LORD, Albert Bates
A.B. Harvard, 1934; A.M. (comp. lit.) 1936; jr. fell. Society of Fellows, 1937-40; Ph.D. (comp. lit.), 1949.
"The Singer of Tales" (Harvard, 1949); printed (Cambridge, 1950)
- Professional Experience:
Collected folk poetry in Yugoslavia, 1934-5, 1937, 1950-1, 1961-4, 1966-7; Albania, 1937, Bulgaria, 195§-9; Guggenheim fell., 1949-50; lctr. Slavic Harvard, 1950-2; asso. prof. Slavic langs. & lit., 1952-8; prof. Slavic & comp. lit., 1958-72; Arthur Kingsley Porter prof., 1972-83; hon. curator, Milman Parry Coll. Oral Lit. Harvard, 1959-91; Order of St. Sava (Yugoslavia); fell. AAAS.
(Books only): Serbo-Croatian Folk Songs, with Bela Bartok (New York, 1951); Serbo-Croatian Heroic Songs, vols. 1 & 2 (Cambridge & Belgrade, 1953-4), vols. 3 & 4, with David E. Bynum (1975); Beginning Serbocroatian (The Hague, 1958); Umbundu: Folk Tales from Angola (Boston, 1962); Beginning Bulgarian, with David E. Bynum (The Hague, 1962); A Bulgarian Literary Reader (Cambridge, 1962); The Wedding of Smailagic Meho (Cambridge, 1974); Yugoslav Folk Music, with Bela Bartók, ed. Benjamin Suchoff (Albany, NY, 1978); Serbo-Croatian Folk Songs and Instrumental Pieces from the Milman Parry Collection (Albany, NY, 1978); Epic Singers and Oral Tradition (Ithaca, NY, 1991).Festschrift: Oral Traditional Literature: A Festschrift for Albert Bates Lord, ed. John Miles Foley (Columbus, OH, 1981).

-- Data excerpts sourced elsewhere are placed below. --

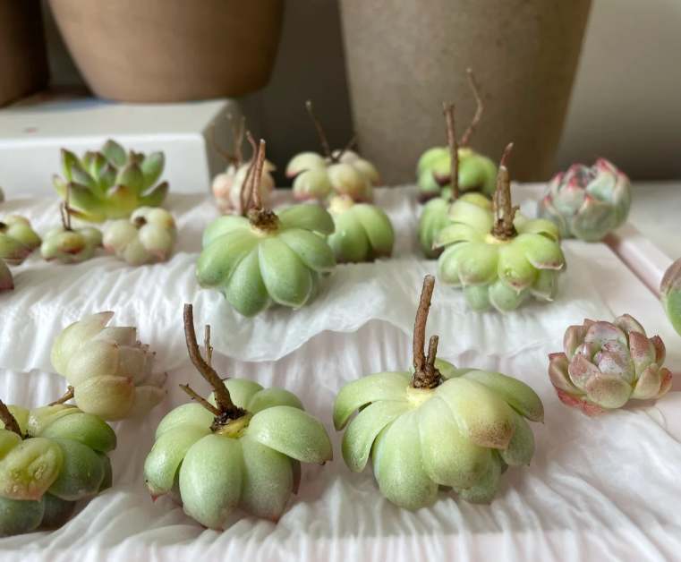所以到了差不多这个时候,为了让多肉植物呈现更美的状态,很多人都会修剪一下多余的花头!这个时候我们就可以利用多余的花头培育幼苗。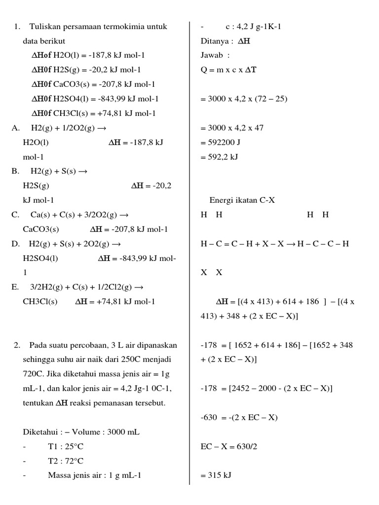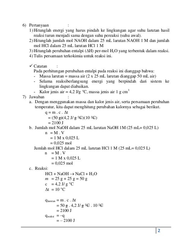 Maybe you would like to learn more about one of these? ( 1 mol air ). Berapakah perubahan entalpi (?hn) dari reaksi campuran tersebut. We did not find results for: Check spelling or type a new query.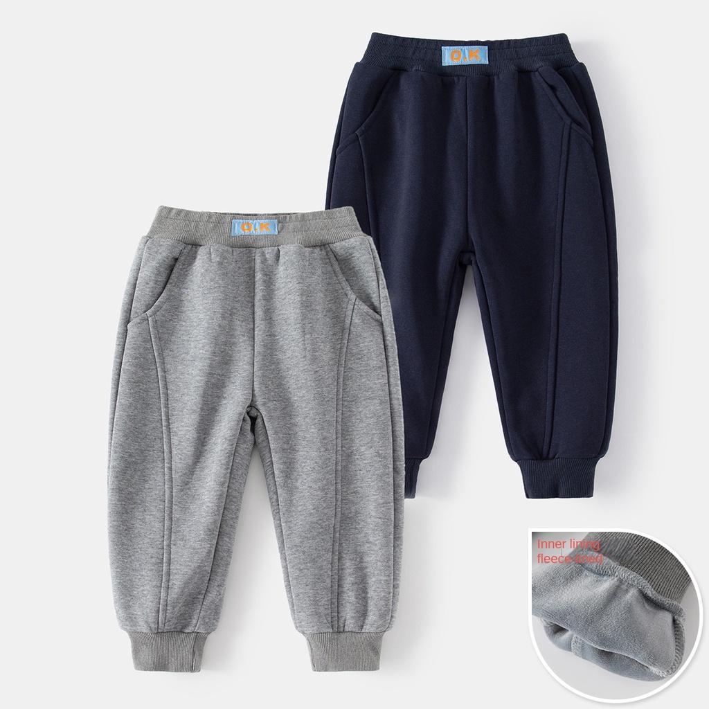 เสื้อผ้าเด็กกางเกงวอร์มลำลองกางเกงขายาวเอวพอเหมาะอินเทรนด์กางเกงขายาวขนแกะอบอุ่น Fried Street หลวมเด็กผู้ชายกางเกงกีฬา
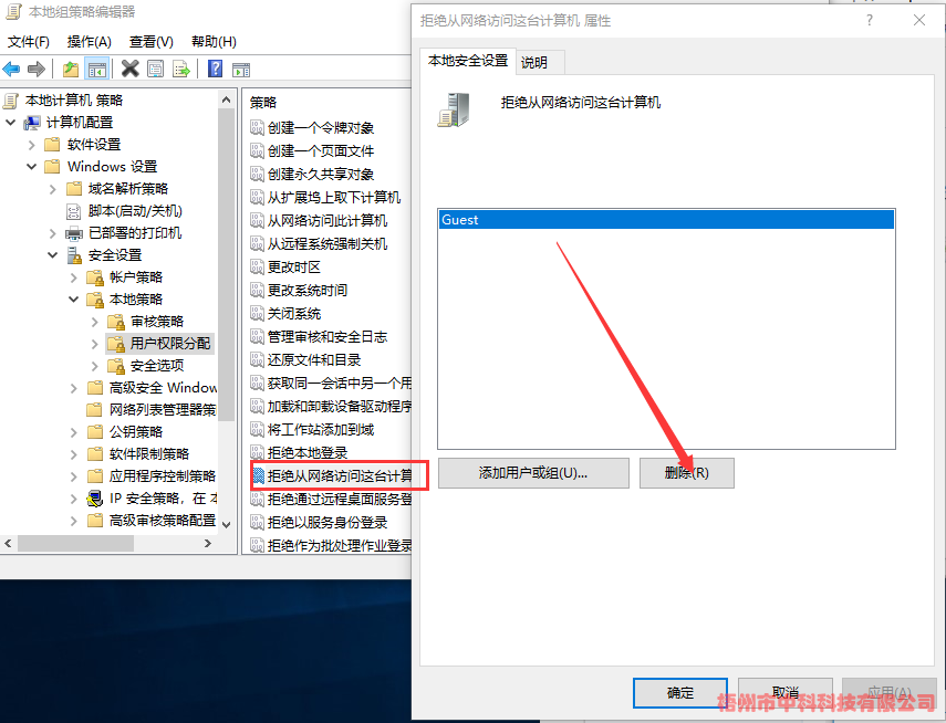 (1)、計算機(jī)配置->Windows設(shè)置->安全設(shè)置->本地策略->用戶權(quán)限分配->拒絕從網(wǎng)絡(luò)訪問這臺計算機(jī)->刪除Guest

Albert Bates Lord was a student of Milman Parry with whom he collected examples of oral poetry during the academic year 1934-5 spent in Yugoslavia. After Parry's death he continued the field work in Yugoslavia and Albania in 1937, and again as Guggenheim Fellow in 1949-50, returning in 1961-4 for an extended stay in Yugoslavia. In 1958 he was in Bulgaria collecting songs, and thereafter he spent summers in the Balkans collecting material. Lord is significant for having made the study of traditional oral narrative a conventional academic discipline in a constantly growing number of universities. With Parry he worked out a theory that accounted for the creation and transmission of the Homeric poems in a preliterate society and from that he went on to study the nature of orality around the world. In 1988 he was honored both by the Yugoslavian government and by the American Folklore Society, whereby his immense contributions to the study of Southslavic literature and to the folk literature of the world were acknowledged. All students of oral literature around the world are in his debt.